Le candidat n'a jusqu'à présent pas communiqué de numéro de téléphone où le joindre, ni au bureau du Parti conservateur à Ottawa ni sur le site d'Élections Canada. Son collègue Steven Hébert, candidat conservateur dans Abitibi-Baie-James-Nunavik-Eeyou, n'a pas été en mesure d'aider aux recherches. Et M. Fortin n'a jusqu'à présent pas encore présenté d'équipe pour l'Abitibi-Témiscamingue.

À Rouyn-Noranda, quelques affiches électorales présentant le visage du candidat ont été installées. Mais au Témiscamingue, le candidat est carrément invisible.

Les autres candidats déplorent son absence

La candidate du Parti libéral, Claude Thibault, regrette surtout l'absence du candidat au débat de demain à l'émission Des matins en or. « On est avant tout dans une démarche où on veut permettre aux gens de faire un jugement éclairé sur les plateformes de tous les candidats et ce qu'ils peuvent apporter en région, croit-elle. J'avais une certaine déception lorsque j'ai vu que demain il ne serait pas au débat. »

Christine Moore, du NPD, croit « que c'est quand même dommage. Ça montre que depuis longtemps, les conservateurs ont malheureusement abandonné l'Abitibi-Témiscamingue. »

Au Bloc québécois, le candidat Yvon Moreau croit que c'est la moindre des choses d'être sur le terrain lorsqu'on se présente à une élection. La candidate au Parti vert, Aline Bégin, abonde dans le même sens. Elle aurait aimé voir ce candidat sur le terrain afin qu'il fasse connaître son programme.

Un candidat « poteau »?

Le professeur titulaire Louis Massicotte, du Département de science politique de l'Université Laval, explique qu'il arrive qu'un parti politique présente ce qu'il désigne par l'appellation d'un « candidat poteau ». Cela arrive quand un parti a de la difficulté à trouver un candidat dans une circonscription. « À ce moment-là, ce que le parti fait pour, quand même, ne pas donner l'impression qu'il est faible, c'est de trouver une personne qui n'est pas nécessairement résidente dans la circonscription, qui n'a pas nécessairement non plus bien envie d'être élue, qui ne se fait aucune illusion sur ses chances d'être élue, mais qui accepte qu'on pose sa candidature au nom du parti et puis il s'abstient de faire campagne parce qu'il a mieux à faire pendant la campagne », mentionne le professeur.

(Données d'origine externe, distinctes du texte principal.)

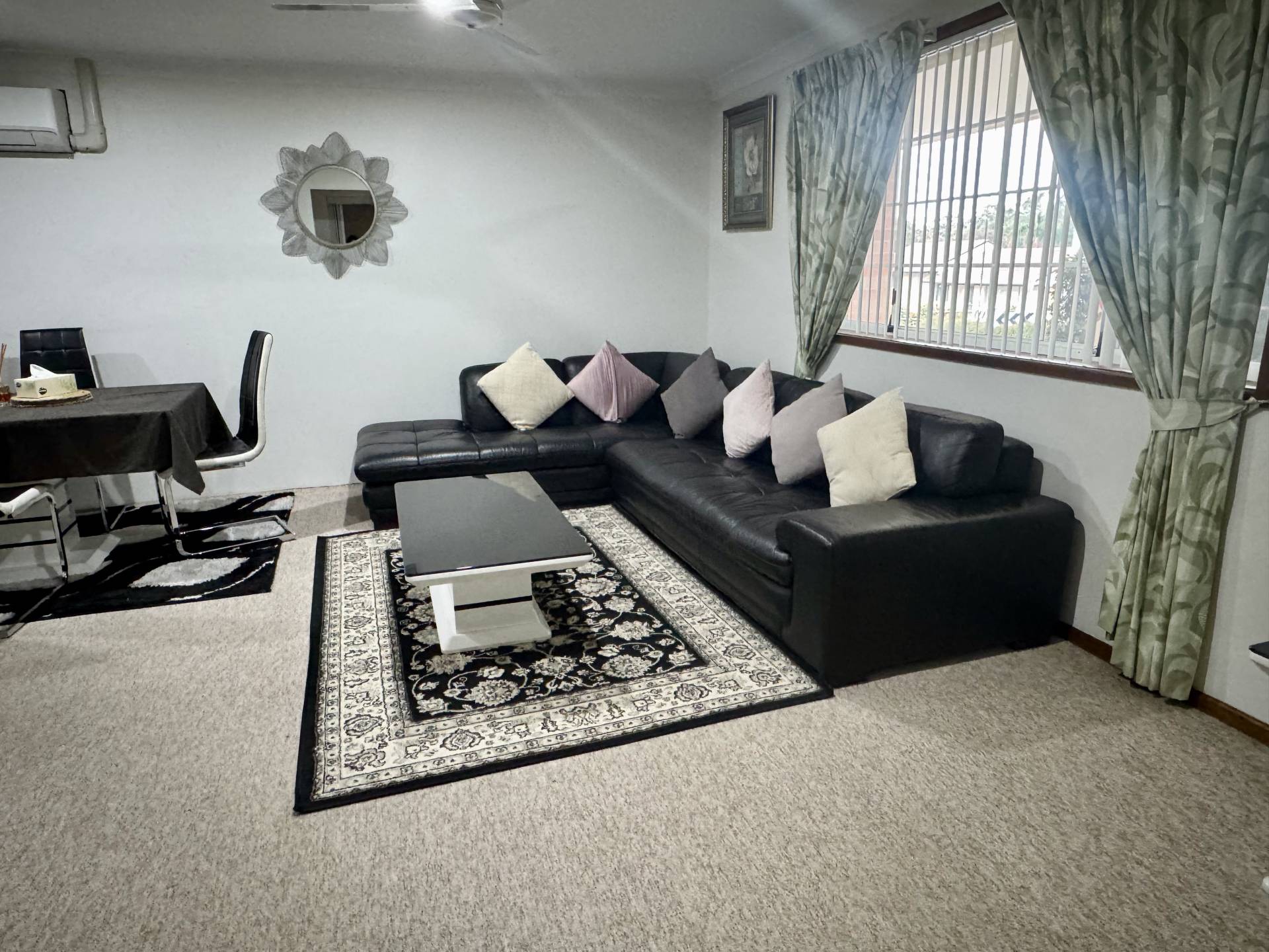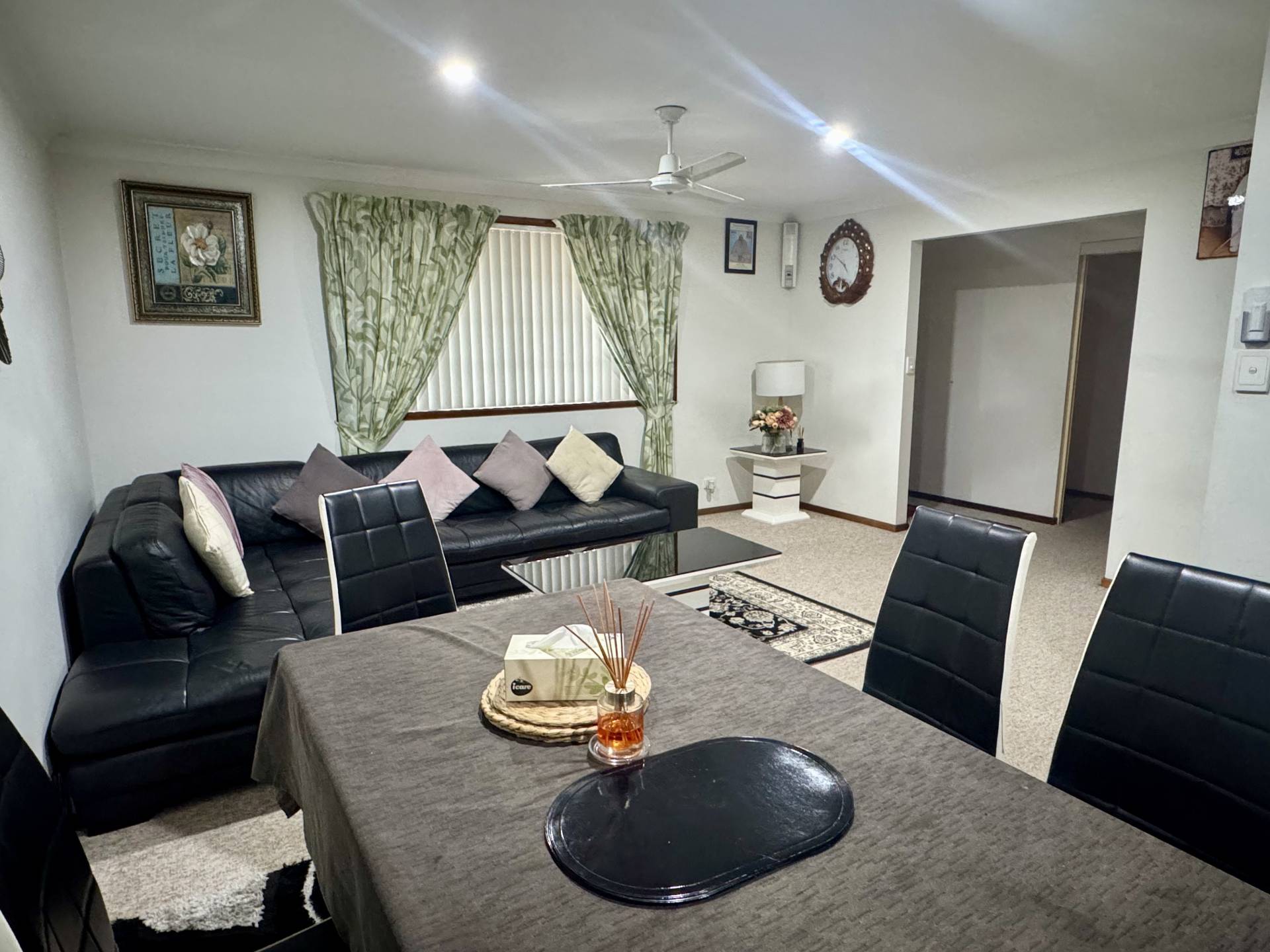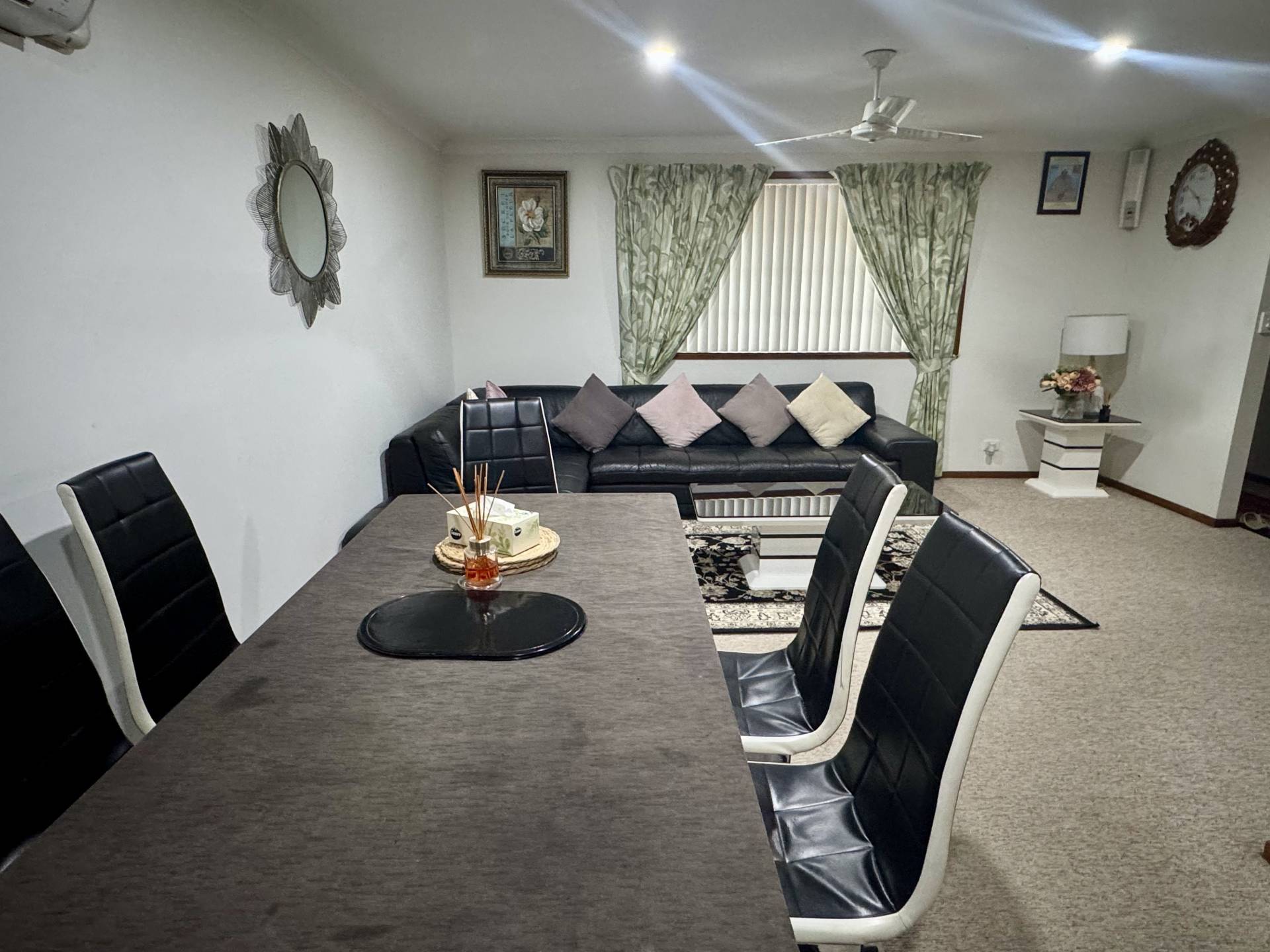 • Open-plan living and dining with A/C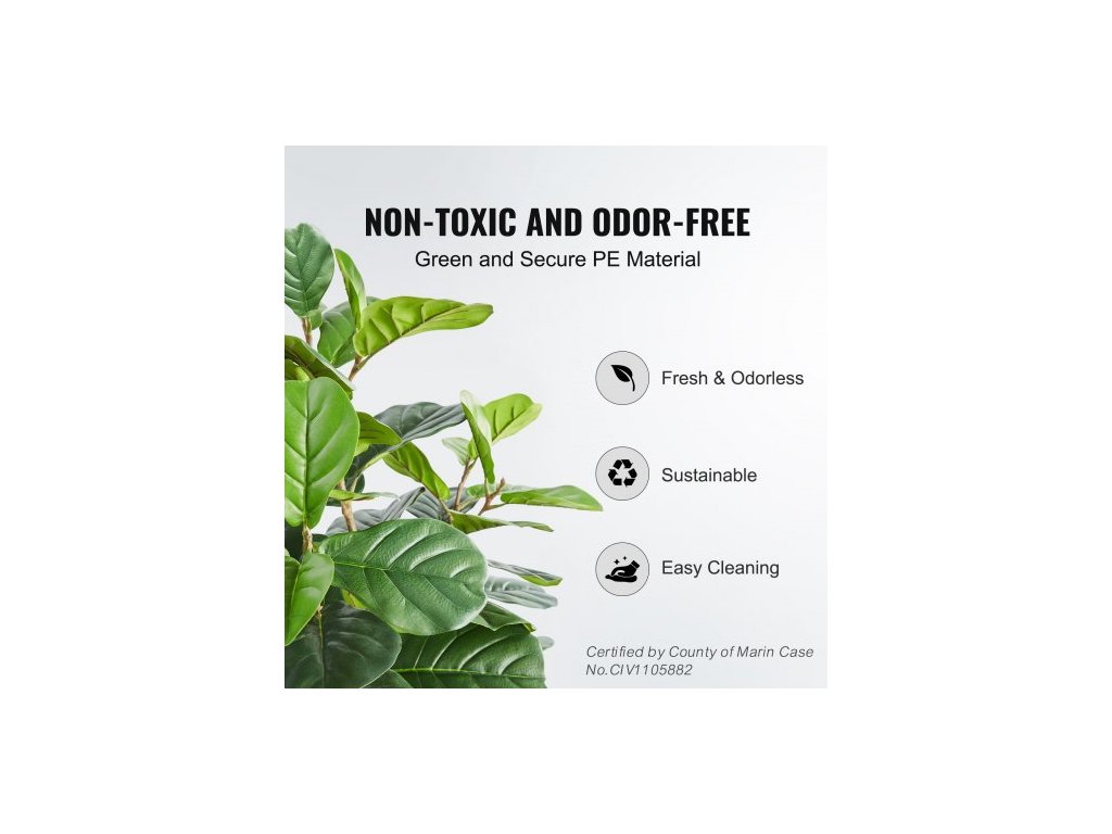 Umělý fíkovník s houslovými listy, 1,5 m, bezpečný PE materiál a ochrana proti převrácení, nenáročná umělá rostlina, realistický zelený umělý květináč pro domácí kancelář, sklad, interiér, exteriérBez zápachu pro větší klid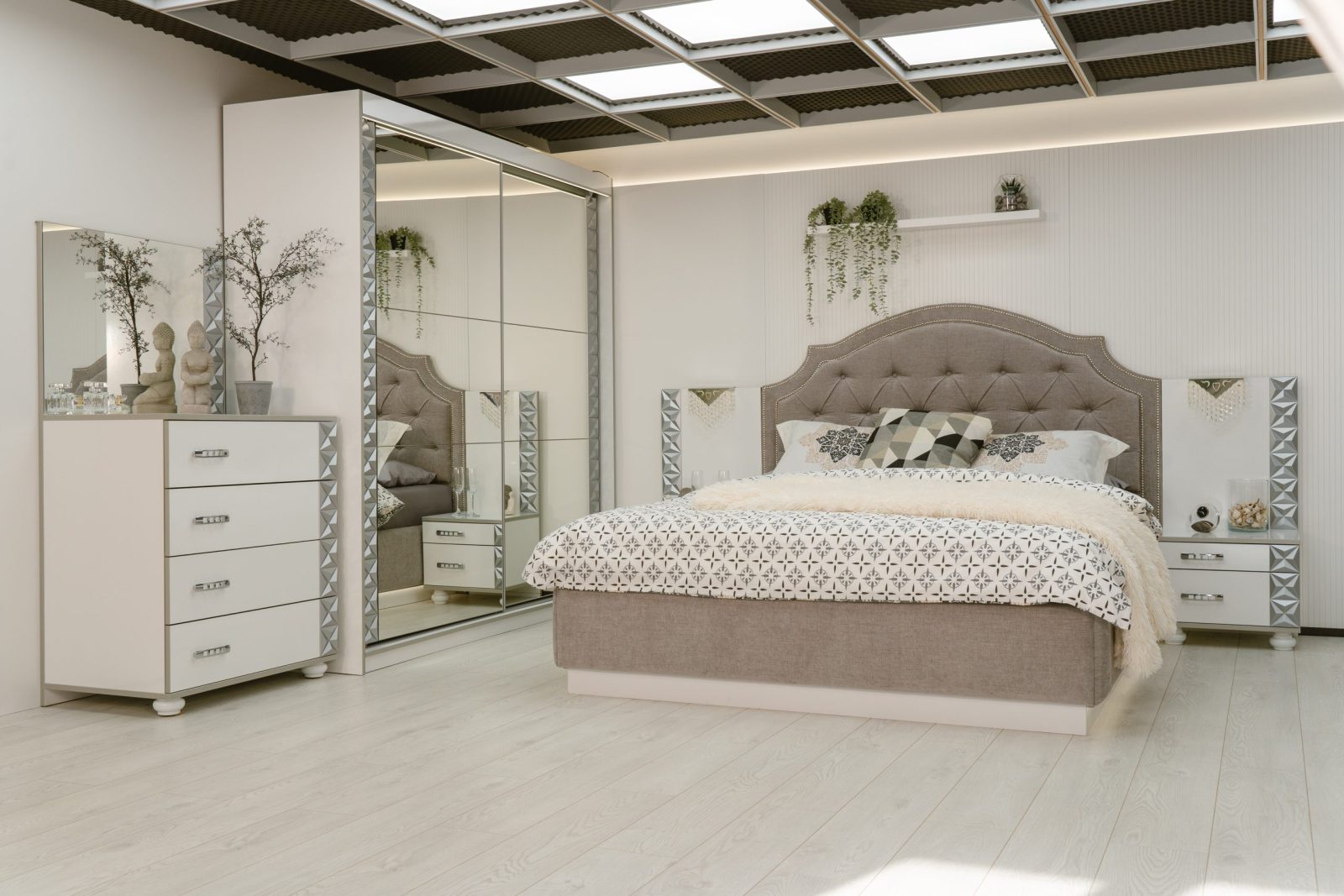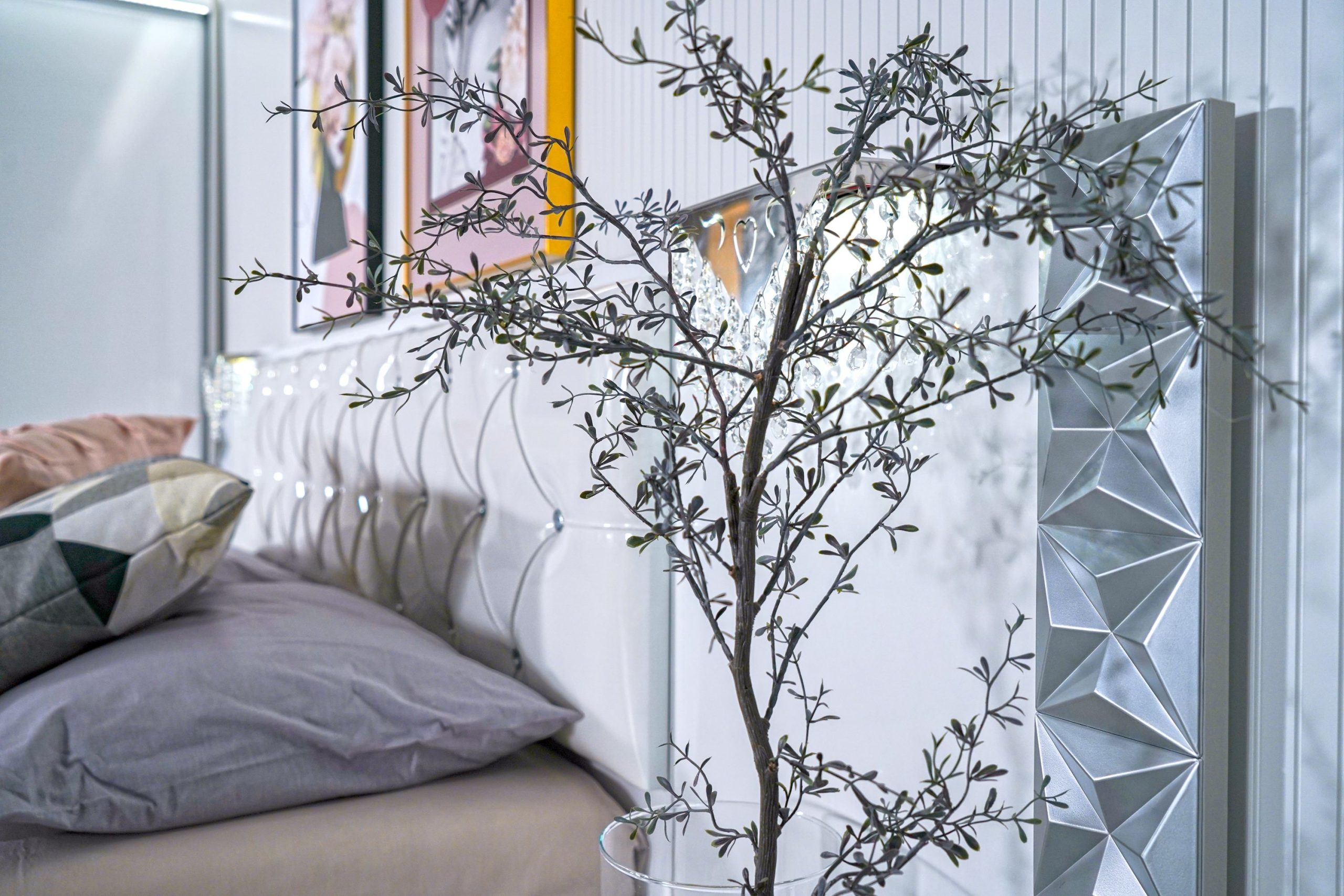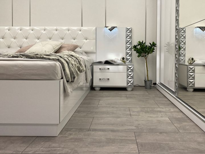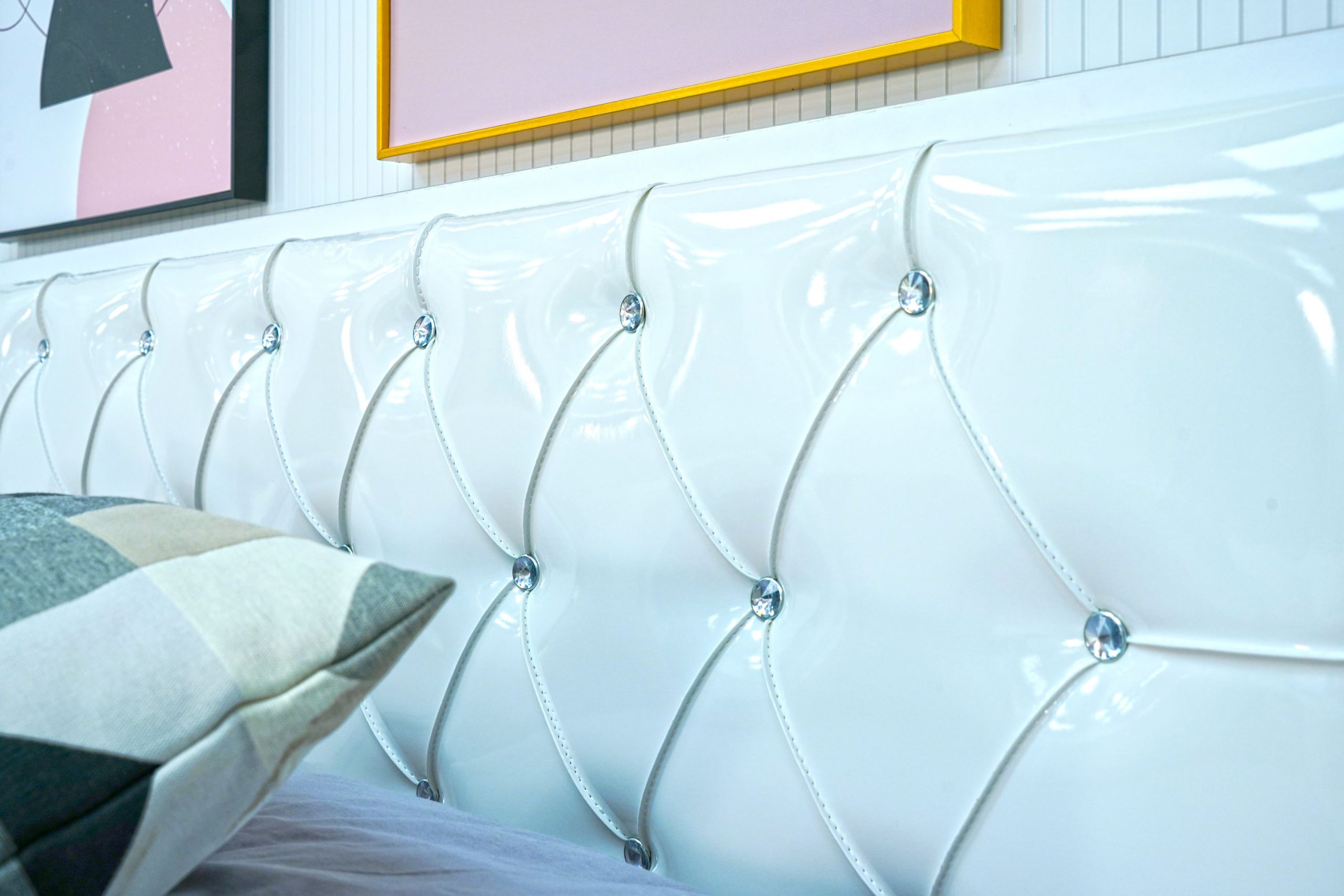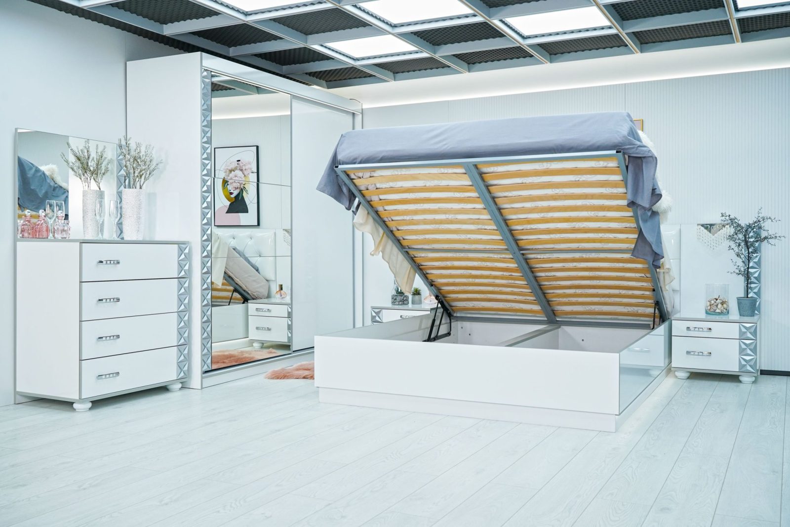 Легло: Основна табла с вградена тапицирана елегантна табла с единичен лицев шев в изпълнение тип „Капитонаж“ от висок клас износоустойчива еко кожа, цвят – бял – покритие гланцов лак, с акценти от бял прозрачен кристал. Заработен вътрешен мост за допълнителна устойчивост и здравина на леглото. Всички използвани сглобки са метални – скрит монтаж.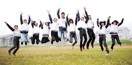 2010年,什邡市洛水中学的同学们在校园的操场上欢呼雀跃 廖文飞/摄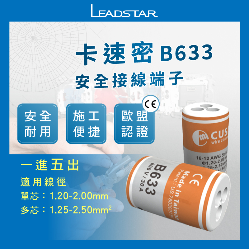 【卡速密】電線連接器 接線端子 快速接頭 IP68 防塵防水 1進5出 燈具可用 B633

Selon lui, ce n'est pas une mauvaise stratégie. « Marquer sa présence, ça a ceci d'important, c'est-à-dire que si vous ne présentiez pas de candidat du tout, qu'est-ce que les médias auraient tendance à conclure, ainsi que leurs adversaires politiques? Ils diraient que ça prouve, voyez-vous, que ces gens-là sont tellement faibles, qu'ils ont tellement peu de chances de gagner le pouvoir, qu'ils n'arrivent même pas à trouver de candidats », explique-t-il.

Louis Massicotte rappelle que durant la dernière élection fédérale, plusieurs candidats ont été élus même s'ils n'avaient apparemment aucune chance de gagner.